§ **THE PROBLEM**:
Your output should be everything below from the line containing "#1 Golden Ticket" down to the line containing "Vandaag deel ik", both ends included, copied exactly, with pictures left out.

§ **DATA IN THIS EXERCISE**:
▼

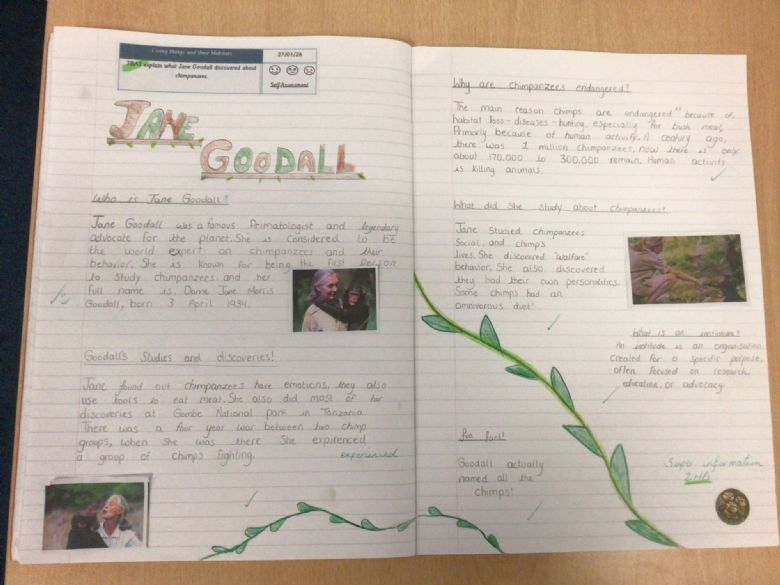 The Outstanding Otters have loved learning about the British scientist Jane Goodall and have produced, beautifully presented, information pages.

▲
▼

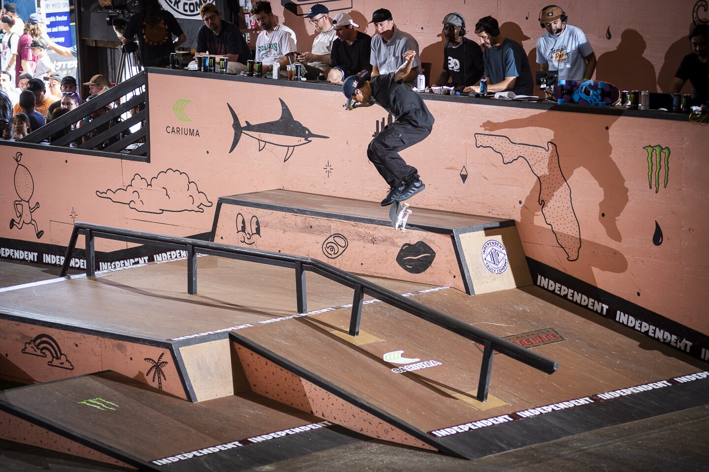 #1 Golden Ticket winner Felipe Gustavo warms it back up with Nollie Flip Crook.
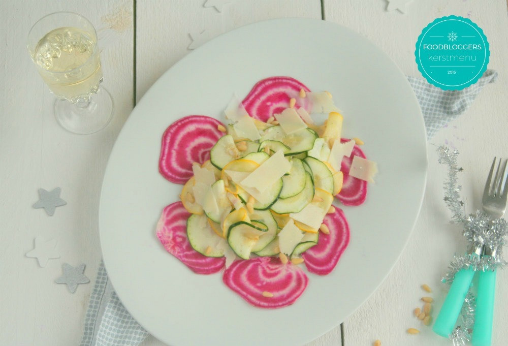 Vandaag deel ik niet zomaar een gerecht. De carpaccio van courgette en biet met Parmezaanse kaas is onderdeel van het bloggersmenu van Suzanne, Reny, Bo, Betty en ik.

▲

§ **SOLUTION FOR THIS PROBLEM**:
 #1 Golden Ticket winner Felipe Gustavo warms it back up with Nollie Flip Crook.
 Vandaag deel ik niet zomaar een gerecht. De carpaccio van courgette en biet met Parmezaanse kaas is onderdeel van het bloggersmenu van Suzanne, Reny, Bo, Betty en ik.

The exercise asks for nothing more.